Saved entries
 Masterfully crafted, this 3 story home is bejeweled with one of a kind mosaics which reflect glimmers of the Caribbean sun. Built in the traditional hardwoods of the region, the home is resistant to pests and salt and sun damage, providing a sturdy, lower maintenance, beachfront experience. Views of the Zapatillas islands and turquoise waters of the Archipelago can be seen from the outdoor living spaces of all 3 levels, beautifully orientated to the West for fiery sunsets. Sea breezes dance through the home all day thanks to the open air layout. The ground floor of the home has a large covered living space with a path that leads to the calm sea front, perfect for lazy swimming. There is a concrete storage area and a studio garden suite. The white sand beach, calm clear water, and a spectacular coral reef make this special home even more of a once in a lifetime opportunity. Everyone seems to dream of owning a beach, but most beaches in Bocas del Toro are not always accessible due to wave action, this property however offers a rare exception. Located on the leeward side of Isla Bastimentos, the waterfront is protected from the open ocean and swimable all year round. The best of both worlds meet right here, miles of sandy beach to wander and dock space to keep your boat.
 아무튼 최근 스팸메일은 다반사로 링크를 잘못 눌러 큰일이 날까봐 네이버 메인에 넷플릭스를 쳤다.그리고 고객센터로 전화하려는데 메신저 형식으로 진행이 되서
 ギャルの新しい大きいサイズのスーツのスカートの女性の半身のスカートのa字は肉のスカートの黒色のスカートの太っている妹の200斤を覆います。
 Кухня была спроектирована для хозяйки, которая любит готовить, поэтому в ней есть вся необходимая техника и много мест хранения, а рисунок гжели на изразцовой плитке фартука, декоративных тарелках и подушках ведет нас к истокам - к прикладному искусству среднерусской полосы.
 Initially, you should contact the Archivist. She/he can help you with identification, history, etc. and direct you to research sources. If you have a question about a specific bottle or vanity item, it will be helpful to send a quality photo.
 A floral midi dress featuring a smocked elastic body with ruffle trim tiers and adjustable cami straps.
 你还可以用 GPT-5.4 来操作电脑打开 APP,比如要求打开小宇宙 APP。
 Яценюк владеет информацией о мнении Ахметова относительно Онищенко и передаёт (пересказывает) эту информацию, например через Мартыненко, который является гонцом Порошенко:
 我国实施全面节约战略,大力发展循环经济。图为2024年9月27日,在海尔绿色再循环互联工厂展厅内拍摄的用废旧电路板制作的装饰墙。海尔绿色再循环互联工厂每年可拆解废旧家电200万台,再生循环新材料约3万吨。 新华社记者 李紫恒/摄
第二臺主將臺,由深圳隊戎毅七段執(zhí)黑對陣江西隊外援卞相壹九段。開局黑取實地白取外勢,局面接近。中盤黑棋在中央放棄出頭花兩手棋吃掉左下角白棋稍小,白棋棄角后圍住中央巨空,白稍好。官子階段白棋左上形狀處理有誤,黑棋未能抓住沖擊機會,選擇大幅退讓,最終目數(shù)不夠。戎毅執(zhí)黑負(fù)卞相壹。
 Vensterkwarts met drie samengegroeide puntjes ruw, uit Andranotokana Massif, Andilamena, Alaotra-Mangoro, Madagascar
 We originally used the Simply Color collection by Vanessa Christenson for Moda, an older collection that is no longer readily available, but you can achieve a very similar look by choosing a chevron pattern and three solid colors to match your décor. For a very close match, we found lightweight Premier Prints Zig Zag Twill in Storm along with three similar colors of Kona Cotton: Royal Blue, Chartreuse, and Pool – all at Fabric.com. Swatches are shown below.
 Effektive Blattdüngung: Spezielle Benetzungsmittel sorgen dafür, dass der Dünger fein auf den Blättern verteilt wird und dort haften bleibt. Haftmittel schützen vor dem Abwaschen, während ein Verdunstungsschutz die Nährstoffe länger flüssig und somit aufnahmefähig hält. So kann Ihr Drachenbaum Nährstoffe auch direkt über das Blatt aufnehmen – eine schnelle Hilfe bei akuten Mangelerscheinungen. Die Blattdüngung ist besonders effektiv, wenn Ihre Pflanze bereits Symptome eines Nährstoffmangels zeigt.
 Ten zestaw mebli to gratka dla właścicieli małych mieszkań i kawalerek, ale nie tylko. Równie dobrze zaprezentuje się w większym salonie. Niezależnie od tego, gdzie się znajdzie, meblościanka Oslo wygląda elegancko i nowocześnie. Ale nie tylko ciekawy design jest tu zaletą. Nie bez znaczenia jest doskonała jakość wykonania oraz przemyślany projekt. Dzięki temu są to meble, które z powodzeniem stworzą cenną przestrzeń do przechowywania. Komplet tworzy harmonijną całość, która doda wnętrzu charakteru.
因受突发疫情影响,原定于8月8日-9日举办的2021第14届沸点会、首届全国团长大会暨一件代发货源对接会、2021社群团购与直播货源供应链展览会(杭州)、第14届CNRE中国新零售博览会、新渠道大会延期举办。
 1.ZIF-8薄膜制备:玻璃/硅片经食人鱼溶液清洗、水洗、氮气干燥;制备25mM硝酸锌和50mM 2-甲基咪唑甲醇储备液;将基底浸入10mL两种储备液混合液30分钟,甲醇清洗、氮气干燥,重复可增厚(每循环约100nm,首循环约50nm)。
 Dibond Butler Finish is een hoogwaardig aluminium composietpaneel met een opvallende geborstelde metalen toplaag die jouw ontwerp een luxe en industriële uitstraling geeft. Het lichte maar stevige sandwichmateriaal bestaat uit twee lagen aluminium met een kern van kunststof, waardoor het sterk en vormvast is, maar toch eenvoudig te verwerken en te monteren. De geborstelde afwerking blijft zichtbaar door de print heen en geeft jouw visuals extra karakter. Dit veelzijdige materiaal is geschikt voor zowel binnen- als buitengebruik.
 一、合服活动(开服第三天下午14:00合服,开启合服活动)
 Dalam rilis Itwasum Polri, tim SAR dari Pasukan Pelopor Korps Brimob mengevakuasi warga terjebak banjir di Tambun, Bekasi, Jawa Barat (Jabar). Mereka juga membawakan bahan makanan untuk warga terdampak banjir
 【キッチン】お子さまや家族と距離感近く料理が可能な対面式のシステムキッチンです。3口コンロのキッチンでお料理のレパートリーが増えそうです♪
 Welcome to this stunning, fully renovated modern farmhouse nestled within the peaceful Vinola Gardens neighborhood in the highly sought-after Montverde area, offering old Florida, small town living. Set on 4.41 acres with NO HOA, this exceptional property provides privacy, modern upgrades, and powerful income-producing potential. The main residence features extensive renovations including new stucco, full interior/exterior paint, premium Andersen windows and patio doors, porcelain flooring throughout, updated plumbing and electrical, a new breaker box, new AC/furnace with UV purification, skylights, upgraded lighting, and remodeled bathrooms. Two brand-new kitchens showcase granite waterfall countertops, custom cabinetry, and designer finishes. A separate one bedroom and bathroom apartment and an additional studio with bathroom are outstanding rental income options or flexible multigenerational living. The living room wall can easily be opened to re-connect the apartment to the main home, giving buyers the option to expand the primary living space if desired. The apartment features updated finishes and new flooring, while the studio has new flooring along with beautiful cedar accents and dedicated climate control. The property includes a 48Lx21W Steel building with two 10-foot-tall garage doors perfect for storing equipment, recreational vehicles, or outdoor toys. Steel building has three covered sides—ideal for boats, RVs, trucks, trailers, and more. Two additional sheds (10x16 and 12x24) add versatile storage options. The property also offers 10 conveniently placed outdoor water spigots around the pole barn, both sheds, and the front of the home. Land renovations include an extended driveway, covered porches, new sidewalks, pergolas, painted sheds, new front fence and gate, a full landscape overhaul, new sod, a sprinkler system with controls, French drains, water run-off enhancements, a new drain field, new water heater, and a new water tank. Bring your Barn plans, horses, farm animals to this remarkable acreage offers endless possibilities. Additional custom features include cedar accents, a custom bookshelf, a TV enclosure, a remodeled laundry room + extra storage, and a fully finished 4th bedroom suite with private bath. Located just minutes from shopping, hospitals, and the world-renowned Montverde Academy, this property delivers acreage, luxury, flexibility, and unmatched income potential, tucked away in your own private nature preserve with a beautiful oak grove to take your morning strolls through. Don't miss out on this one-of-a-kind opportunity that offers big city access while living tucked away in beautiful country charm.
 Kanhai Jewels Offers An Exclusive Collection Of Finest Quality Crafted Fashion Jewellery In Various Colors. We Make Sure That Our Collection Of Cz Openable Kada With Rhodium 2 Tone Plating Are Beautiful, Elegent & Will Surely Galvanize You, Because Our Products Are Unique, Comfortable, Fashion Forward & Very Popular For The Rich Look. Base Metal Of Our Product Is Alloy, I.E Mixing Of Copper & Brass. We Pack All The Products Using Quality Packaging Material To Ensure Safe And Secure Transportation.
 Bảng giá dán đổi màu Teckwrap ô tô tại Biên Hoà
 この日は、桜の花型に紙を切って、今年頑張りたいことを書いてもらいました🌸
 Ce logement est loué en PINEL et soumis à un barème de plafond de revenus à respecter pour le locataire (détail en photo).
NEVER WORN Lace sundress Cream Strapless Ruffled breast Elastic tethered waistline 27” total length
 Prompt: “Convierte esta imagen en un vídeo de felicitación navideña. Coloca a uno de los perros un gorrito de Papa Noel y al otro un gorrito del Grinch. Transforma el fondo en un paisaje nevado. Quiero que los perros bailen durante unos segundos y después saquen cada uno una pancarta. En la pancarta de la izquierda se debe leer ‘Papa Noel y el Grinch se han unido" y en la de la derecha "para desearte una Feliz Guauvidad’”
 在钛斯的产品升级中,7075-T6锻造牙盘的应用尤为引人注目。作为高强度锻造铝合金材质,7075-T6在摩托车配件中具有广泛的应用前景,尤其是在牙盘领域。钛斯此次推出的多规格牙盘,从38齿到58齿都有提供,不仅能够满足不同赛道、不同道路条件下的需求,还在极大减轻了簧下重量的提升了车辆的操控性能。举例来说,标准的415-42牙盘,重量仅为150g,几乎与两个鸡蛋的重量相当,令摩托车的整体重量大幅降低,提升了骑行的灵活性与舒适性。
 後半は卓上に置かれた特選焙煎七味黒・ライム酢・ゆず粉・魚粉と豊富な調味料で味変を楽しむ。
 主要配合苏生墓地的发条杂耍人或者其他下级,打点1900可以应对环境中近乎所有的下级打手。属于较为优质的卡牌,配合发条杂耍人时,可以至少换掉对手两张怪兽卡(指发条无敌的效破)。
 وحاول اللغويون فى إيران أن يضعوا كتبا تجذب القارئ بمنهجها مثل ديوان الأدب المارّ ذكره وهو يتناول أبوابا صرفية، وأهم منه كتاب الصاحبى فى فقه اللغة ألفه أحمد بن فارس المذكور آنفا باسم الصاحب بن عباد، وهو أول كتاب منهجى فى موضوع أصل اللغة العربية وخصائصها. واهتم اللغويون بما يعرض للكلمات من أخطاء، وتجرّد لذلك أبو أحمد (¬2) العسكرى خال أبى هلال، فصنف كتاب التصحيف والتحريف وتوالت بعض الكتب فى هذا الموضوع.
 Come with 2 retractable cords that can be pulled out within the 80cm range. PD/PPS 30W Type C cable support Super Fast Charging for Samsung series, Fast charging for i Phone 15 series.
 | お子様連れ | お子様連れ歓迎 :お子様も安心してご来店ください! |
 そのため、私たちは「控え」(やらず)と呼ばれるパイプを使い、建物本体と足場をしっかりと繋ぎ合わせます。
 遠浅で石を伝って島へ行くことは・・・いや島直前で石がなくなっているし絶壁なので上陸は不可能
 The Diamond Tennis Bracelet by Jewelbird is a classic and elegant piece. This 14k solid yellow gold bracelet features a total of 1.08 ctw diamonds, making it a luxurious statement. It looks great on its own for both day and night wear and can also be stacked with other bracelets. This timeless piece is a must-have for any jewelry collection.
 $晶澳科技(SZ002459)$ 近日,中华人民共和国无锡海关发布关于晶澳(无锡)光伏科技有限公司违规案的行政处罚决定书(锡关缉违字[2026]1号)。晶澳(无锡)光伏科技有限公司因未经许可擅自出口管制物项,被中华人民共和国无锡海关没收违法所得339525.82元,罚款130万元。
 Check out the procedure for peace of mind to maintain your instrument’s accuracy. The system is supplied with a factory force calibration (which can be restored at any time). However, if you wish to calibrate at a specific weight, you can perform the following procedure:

Exercise description:
One stretch of the lines above is wanted, from the line that contains "NEVER WORN Lace" through the line that contains "遠浅で石を伝って島へ行くこと". Output it exactly.

Response to this exercise:
NEVER WORN Lace sundress Cream Strapless Ruffled breast Elastic tethered waistline 27” total length
 Prompt: “Convierte esta imagen en un vídeo de felicitación navideña. Coloca a uno de los perros un gorrito de Papa Noel y al otro un gorrito del Grinch. Transforma el fondo en un paisaje nevado. Quiero que los perros bailen durante unos segundos y después saquen cada uno una pancarta. En la pancarta de la izquierda se debe leer ‘Papa Noel y el Grinch se han unido" y en la de la derecha "para desearte una Feliz Guauvidad’”
 在钛斯的产品升级中,7075-T6锻造牙盘的应用尤为引人注目。作为高强度锻造铝合金材质,7075-T6在摩托车配件中具有广泛的应用前景,尤其是在牙盘领域。钛斯此次推出的多规格牙盘,从38齿到58齿都有提供,不仅能够满足不同赛道、不同道路条件下的需求,还在极大减轻了簧下重量的提升了车辆的操控性能。举例来说,标准的415-42牙盘,重量仅为150g,几乎与两个鸡蛋的重量相当,令摩托车的整体重量大幅降低,提升了骑行的灵活性与舒适性。
 後半は卓上に置かれた特選焙煎七味黒・ライム酢・ゆず粉・魚粉と豊富な調味料で味変を楽しむ。
 主要配合苏生墓地的发条杂耍人或者其他下级,打点1900可以应对环境中近乎所有的下级打手。属于较为优质的卡牌,配合发条杂耍人时,可以至少换掉对手两张怪兽卡(指发条无敌的效破)。
 وحاول اللغويون فى إيران أن يضعوا كتبا تجذب القارئ بمنهجها مثل ديوان الأدب المارّ ذكره وهو يتناول أبوابا صرفية، وأهم منه كتاب الصاحبى فى فقه اللغة ألفه أحمد بن فارس المذكور آنفا باسم الصاحب بن عباد، وهو أول كتاب منهجى فى موضوع أصل اللغة العربية وخصائصها. واهتم اللغويون بما يعرض للكلمات من أخطاء، وتجرّد لذلك أبو أحمد (¬2) العسكرى خال أبى هلال، فصنف كتاب التصحيف والتحريف وتوالت بعض الكتب فى هذا الموضوع.
 Come with 2 retractable cords that can be pulled out within the 80cm range. PD/PPS 30W Type C cable support Super Fast Charging for Samsung series, Fast charging for i Phone 15 series.
 | お子様連れ | お子様連れ歓迎 :お子様も安心してご来店ください! |
 そのため、私たちは「控え」(やらず)と呼ばれるパイプを使い、建物本体と足場をしっかりと繋ぎ合わせます。
 遠浅で石を伝って島へ行くことは・・・いや島直前で石がなくなっているし絶壁なので上陸は不可能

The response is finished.